On the people foundational to the Russian state

The ethnos foundational to the Russian state’s formation is the Russian ethnos. The objective recognition of this role does not diminish the merits of other ethnic groups.

On marriage as a union of a man and a woman

Russia has the right to make decisions on individual questions regarding sexual relations as well as personal relationships that are tied to sexual ones. It has the right to do so by leaning on traditional ideas of family values “in the context of the traditional and confessional composition of Russian society.” Plus, one of the purposes of the family is to produce children. Nobody can force Russia to recognize same-sex unions. Neither can a ban on them be called discriminatory. The state must not permit individuals’ rights to be violated on the basis of sexual orientation. 

On the supremacy of the Constitution over international agreements

Nobody is backing out of any international agreements here. The Constitutional Court may simply allow for individual decisions made by international bodies or courts not to be enforced. However, the purpose of that power is not refusal to comply. On the contrary, it’s for “the development of constitutionally acceptable means to enforce these decisions.” Russia’s Constitution stands above all.

On increased presidential powers

Creating new mechanisms and altering existing mechanisms to shift the system of checks and balances in favor of the president is in line with the principle of separation of powers and with the nature of the presidency. For example, even now, some ministers and agencies are directly subordinate to the president, circumventing the prime minister in the chain of command. Now, this practice will simply receive constitutional legitimacy. Say a president does take extreme action such as forcing the resignation of every judge on the Supreme and Constitutional Courts. The details of such a procedure have not yet been fleshed out in writing, but it would likely only protect the judges from “unmotivated and entirely unfounded terminations of their powers.”

On stricter requirements for presidential candidates

Of course, all citizens are equal regardless of how they received citizenship, and everyone has the right to run for election. They just don’t have that right at every time or for every role. The president’s special status dictates that special requirements should be applied to candidates for that post. Here, an exception from the general rule is justified. It is necessary to guarantee that candidates have “legal and emotional (spiritual-cultural) ties to the Russian state.” That’s why we must say no to any president who is a naturalized citizen: We cannot be sure that their legal ties to Russia are stable.

The proposed ban on presidential candidates holding real estate abroad, even in the past, should not affect Vladimir Putin. An individual who has lived abroad can run for president if they were “serving the Russian Federation or the Union of SSRs” at the time.

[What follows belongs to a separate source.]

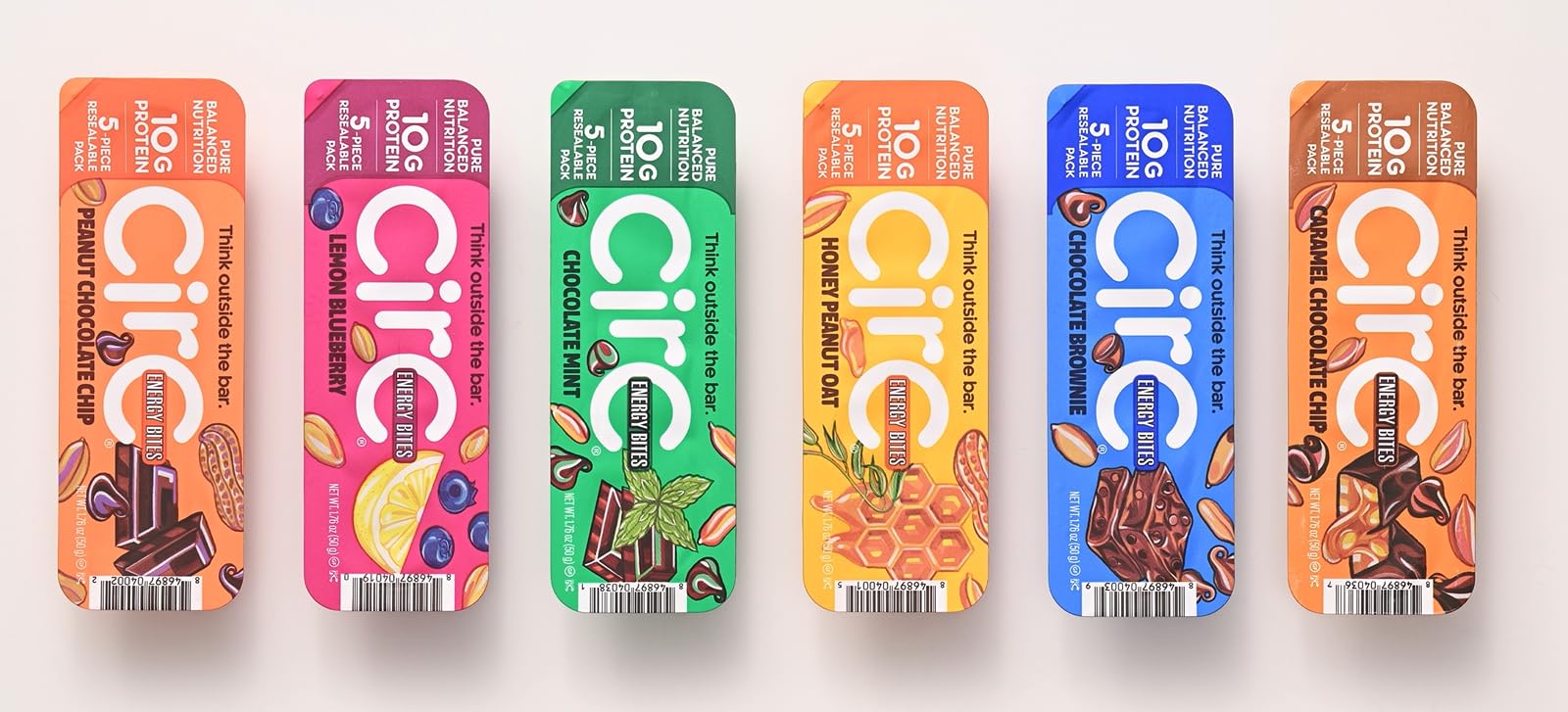 CirC Portable Energy Bites are a reimagined take on traditional protein bars, offering five perfectly portioned energy bites that blend convenience, taste, and nutrition into one satisfying snack. Designed for an active lifestyle, these better-for-you goodies are ideal for on-the-go, at work, or post-workout, providing a harmonious blend of flavors and textures made from simple, natural ingredients like whole grain oats, peanuts, dates, and sustainable whey crisp. Packaged in a resealable, eco-conscious tray, these gluten-free snacks offer flexible snacking on the go for athletes and ordinary people of all ages–adults, teens, and kids. Real Food Flavor Texture Available in a variety of delicious flavors—Mint Chocolate Chip, Caramel Chocolate Chip, Lemon Blueberry, Honey Peanut Oat, Peanut Chocolate Chip, and Chocolate Brownie—CirC bites strike the perfect balance between chewiness, sweetness, and nutritional value, making them suitable for any activity level or age group. With a commitment to quality, CirC bites are free fromgluten, preservatives, and artificial sweeteners, ensuring a clean and nourishing snack. Portable Protein Snack Packs The transparent, resealable packaging allows you to keep these energy bites fresh and sample whenever you need a boost of energy. Each pack showcases the natural ingredients inside, with no artificial flavors or off-putting aftertastes, just a soft, balanced, homemade flavor that's perfect fuel to power your day, whether for sports, travel, dessert, breakfast, or snacking. CirC Portable Energy Bites are compact, convenient, and designed with sustainability in mind, making them a smart and delicious choice for fueling your day.SEE WHAT YOU GET: Our transparent, recyclable tray lets you see the simple, natural ingredients inside each energy ball. No artificial flavors or weird tastes—just a soft, balanced, homemade taste and natural texture to enjoy in every bite. QUALITY INGREDIENTS: CirC energy bites are made with a balanced blend of whole grain oats, peanuts, dates, cassava, and agave for a sweet delicious flavor with less sugar. CirC protein snacks for kids and adults are free from gluten, preservatives, and artificial sweeteners, offering clean and efficient protein. FLEXIBLE SNACKING: CirC energy bites come in a resealable tray, allowing you to snack at your own pace while keeping the tasty protein balls fresh. These gluten-free and non-GMO bite-size treats combine portability with the great taste and soft bite of homemade snacks. PORTABLE ENERGY BITES: CirC reimagined the protein bar as 5 snackable energy bites, perfect for on-the-go, at work, or post-workout. Made with simple, natural ingredients like peanuts, oats, dates, and sustainable whey crisp, each high protein energy ball offers a well-balanced, homemade taste. NEW VARIETY 12 PACK: Indulge your taste buds while increg your daily protein intake with 12 packages of 5 bite-sized energy bites. The Variety Pack contains 2 of each flavor: Peanut Chocolate Chip, Honey Oat, Chocolate Brownie, Lemon Blueberry, Carmel Chocolate Chip, and Mint Chocolate Chip energy bites. Each 5-bite pack is made with 10g of whey protein and packed with whole grains, nuts and fruits. These protein balls will give you the energy and nutrition to tackle any activity.

On the nullification of presidential term counts

Why not. This transitional measure does allow Vladimir Putin to run for election in the future and, in theory, to occupy the post of president of Russia for more than two terms, even consecutively. But the citizens may still choose not to elect him. Here, too, we must consider “the concrete historical facts surrounding the selection of appropriate measures, including threat levels facing our government and society, the state of our political and economic systems, etc.” Zeroing out Putin’s term count does not threaten democracy: After all, we have a developed parliamentary system, a true multi-party system, political competition, an effective separation of powers model, and an independent court system. And anyway, every president after this will definitely be replaceable.